[Source records]
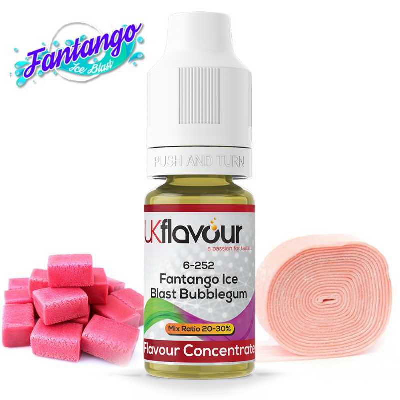 Fantango Ice Blast Bubblegum concentrate. A refreshingly cold fruity Bubblegum. Typical mix ratio around 20-30%
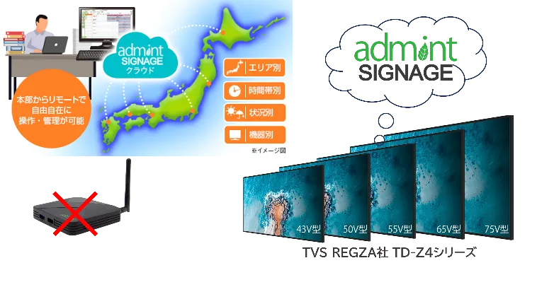「admintサイネージforレグザ」は、従来型のインターネット配信型デジタルサイネージと異なり、専用のSet Top Box(STB)が不要であるという点が最大の特徴です。この新しいシステムは、TVS REGZA社が提供するデジタルサイネージ用のレグザ(TD-Z4シリーズ)にSTB機能を内蔵しており、ユーザーはこれひとつで快適にサイネージの運用が可能です。
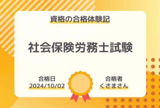 こんにちは。コミュニティメンバーのくさまと申します。2024年8月25日に受験した社会保険労務士試験に合格したのでご報告させていただきます。特別な勉強法は何も行っていないのですが、少しでもご参考になれば幸いです。目次1.学習・受験状況2.受験理由3.試験の感想4.合格に向けて意識したこと5.勉...
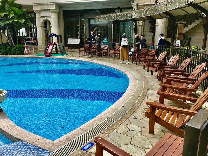 飯店內的遊泳池區域很大有,深水游泳區,也有親子戲水區,還有兩層樓高的滑水道,高雄一年四季都很適合玩水,快帶著小孩來這裡盡情的玩水吧
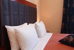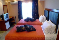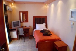 The 11-room Americana Hotel Kos Town is located around 25 minutes' walk from Port of Kos. The hotel also features Wi-Fi throughout the property. Room amenities include coffee/tea making stations, climate control, an iron and ironing board, and conveniences for entertaining. They are equipped with sound-absorbing windows and a writing table and sofa combo. In addition to amenities like bathrobes and a hairdryer, bathrooms come equipped with a separate toilet and shower. When staying at this hotel in Kos Town, visitors may take in the sea view. The Kos International ""Hippocrates"" airport is 32 minutes' drive away from Americana Hotel.

How to complete this task: Word for word, please reproduce each entry above and leave out every picture.

Output for this task:
 Fantango Ice Blast Bubblegum concentrate. A refreshingly cold fruity Bubblegum. Typical mix ratio around 20-30%
「admintサイネージforレグザ」は、従来型のインターネット配信型デジタルサイネージと異なり、専用のSet Top Box(STB)が不要であるという点が最大の特徴です。この新しいシステムは、TVS REGZA社が提供するデジタルサイネージ用のレグザ(TD-Z4シリーズ)にSTB機能を内蔵しており、ユーザーはこれひとつで快適にサイネージの運用が可能です。
 こんにちは。コミュニティメンバーのくさまと申します。2024年8月25日に受験した社会保険労務士試験に合格したのでご報告させていただきます。特別な勉強法は何も行っていないのですが、少しでもご参考になれば幸いです。目次1.学習・受験状況2.受験理由3.試験の感想4.合格に向けて意識したこと5.勉...
 飯店內的遊泳池區域很大有,深水游泳區,也有親子戲水區,還有兩層樓高的滑水道,高雄一年四季都很適合玩水,快帶著小孩來這裡盡情的玩水吧
 The 11-room Americana Hotel Kos Town is located around 25 minutes' walk from Port of Kos. The hotel also features Wi-Fi throughout the property. Room amenities include coffee/tea making stations, climate control, an iron and ironing board, and conveniences for entertaining. They are equipped with sound-absorbing windows and a writing table and sofa combo. In addition to amenities like bathrobes and a hairdryer, bathrooms come equipped with a separate toilet and shower. When staying at this hotel in Kos Town, visitors may take in the sea view. The Kos International ""Hippocrates"" airport is 32 minutes' drive away from Americana Hotel.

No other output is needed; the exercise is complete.